He seems noncommittal. Do you get the feeling he does not really want to go on the date?


----------



## beatricecat (Jan 13, 2016)

jld said:


> He seems noncommittal. Do you get the feeling he does not really want to go on the date?


He said he still doesn't know if he wants to work on things or not last time we went to counseling in January. So I know he isn't truly there yet.

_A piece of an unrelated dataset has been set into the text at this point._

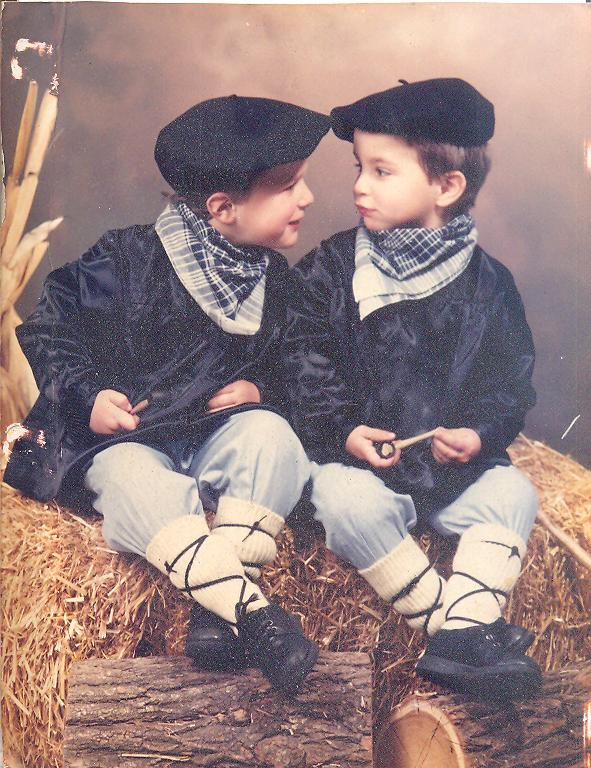 Basque children with tradiotnal costume.

When I first asked him he just said okay and just said he would think about what he wants to do. When I saw him last Tuesday to pick up some paperwork, I got confirmation I got 2 job offers, and he seemed excited. And when I confirmed if the 27th would be a good day for us to go out, he was very upbeat about it. And once he confirmed the day worked for him, I haven't brought it up since.
_Posted via Mobile Device_


----------



## jld (Dec 1, 2013)

beatricecat said:


> He said he still doesn't know if he wants to work on things or not last time we went to counseling in January. So I know he isn't truly there yet.
> 
> When I first asked him he just said okay and just said he would think about what he wants to do. When I saw him last Tuesday to pick up some paperwork, I got confirmation I got 2 job offers, and he seemed excited. And when I confirmed if the 27th would be a good day for us to go out, he was very upbeat about it. And once he confirmed the day worked for him, I haven't brought it up since.
> _Posted via Mobile Device_


That sounds good, that he was upbeat.


----------



## Ynot (Aug 26, 2014)

Kind of along the same lines as the previous post by Myers, but I agree. In the meantime, if you have truly made the changes you said you did, why are you making the first date about him? You are the one who changed, invite him into your world. Do something you want to do. If he enjoys it you might rekindle something.


----------